You must tell make about all the dependencies of each target. If you do not, it will not recompile the target when the dependent file changes. For C / C ++, many compilers can generate dependency information in a format understood by make. For other utilities, however, the situation is much worse. Let's say we have a Python script that includes other modules. Changes in the script lead to a change in its results; this is obvious and easy to make in the makefile. But a change in one of the modules can also change the output of the script. A full description of all these dependencies and keeping them up to date is a non-trivial task.

Using the label "time of last file modification"

make determines that the target requires rebuilding by comparing its “last modification time” with the same time for its dependencies. There is no analysis of the contents of the file, only a comparison of their times. But using this file system information is not always reliable, especially in a networked environment. The system clock may lag, sometimes other programs may force the time they need to modify the files, overwriting the "real" value. When this happens, make does not rebuild the goals that need to be rebuilt. The result is only a partial recompilation.

Command line options

When a parameter string of a program changes, its results can also change (for example, a change in -Doption, which is passed to the C preprocessor). make will not recompile in this case, which will result in incorrect intermediate recompilation.

You can try to protect yourself from this by adding a Makefile to each target. However, this approach is unreliable, as you may miss a target. Moreover, Makefiles may include other Makefiles, which may also include Makefiles. You will need to list them all and keep this list up to date. In addition, many changes to makefiles are minor. You most likely do not want to recompile the entire project just because you changed the comment in the makefile.

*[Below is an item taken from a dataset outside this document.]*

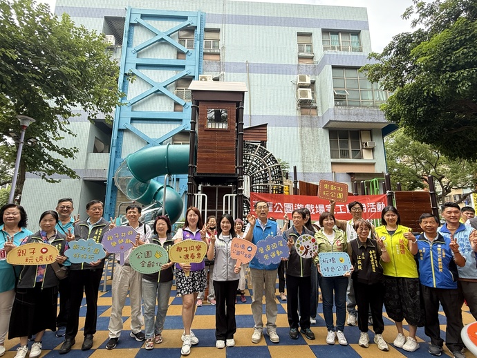 五權里黃國展里長說,五權公園位於住商混合的交通便捷地帶,附近民眾除了對公園綠地使用需求度高之外,孩童的遊樂需求也是鄰近居民所重視的生活機能需求,原有的遊戲場不但地墊老舊,設施玩法也欠缺創新,感謝區公所這次重新規劃翻新遊戲場,讓附近孩童有更好、更安全的遊憩空間。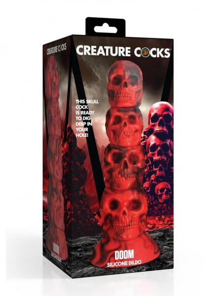 This hellspawned Creature Cock dildo is truly inspired by horrors and dark magic! The tower of skulls is 4 red skulls with different shaped eye sockets and jaws stacked upon each other. Enjoy the round head that penetrates and the dozens of grooves and ridges from the unique texture! Made out of premium, silky smooth, phthalate-free silicone it has a squishy outside and firm, flexible core that is body-safe. Only use water-based lubricants for best results. The strong, suction-cup base lets you ride hands-free when it's placed on any flat surface. It's harness-compatible so you can enjoy it with a partner or attach the harness to a chair or bench. Enjoy your kinky cosplay, fantasy roleplay, and self-pleasure with this fantasy dildo! After play, wash with warm water and mild soap then spray with a toy cleaner and let it air dry.You stand at the center of the sorcerer's circle, surrounded by other coven members. Fire lights the circle and symbols are drawn on the ground. You've followed every step to get the power you desire, and finally the leader calls out the last command. "Ride the tower of skulls and gain its power!" You look at her, confused. What does she mean? "You must take the tower within you and absorb its power!" You see the small tower of skulls and cringe. Not that! You thought it was just decoration! Symbolism for the ritual! Someone coughs loudly, and the leader urges you on. "Now! Before the storm passes, you must be the lightning rod for this power!" You take off your underwear. You're only wearing a loose robe now. You position yourself over the skulls and touch them to guide them in. This is the first time you realize they are wet with… is that blood? You feel a flash of terror but steel your nerves. You squat down and… it feels… amazing! You feel the surge of magic and power humming through the shaft. You slide deeper and your eyes roll to the back of your head in ecstasy! Everyone is watching, and as you cry out, lightning flashes and you feel it through your body! Power! Pleasure! And so much more!Measurements: Overall length: 9.4 inches. Insertable length: 8 inches. Narrowest insertable diameter: 1.7 inches. Widest insertable diameter: 2.8 inches.Materials: SiliconeColor: Red, black Key Features: Fantasy Dildo: A tower of red and black skulls, ready to penetrate you! Strong Suction Cup: Enjoy hands-free rides with this strong, suction cup base that can be placed on any flat surface. Harness Compatible: Use it with a compatible harness for strapon or pegging play! Premium Silicone: Made out of premium, silky smooth, phthalate-free silicone it is soft and squishy on the outside while remaining firm on the inside. Use only with water-based lubricants.

Inheritance of environment variables and dependency on them

Not only each environment variable becomes a make variable, but also these variables are passed to every program that make runs. Since each user has his own set of environment variables, two users running the same assembly can get different results.
Changing any environment variable passed to the child process can change its output. That is, such a situation should initiate a rebuild, but make will not.

Multiple Concurrent Sessions

If you run two instances of make in the same directory at the same time, they will collide when they try to compile the same files. Most likely, one of them (or even both) will crash.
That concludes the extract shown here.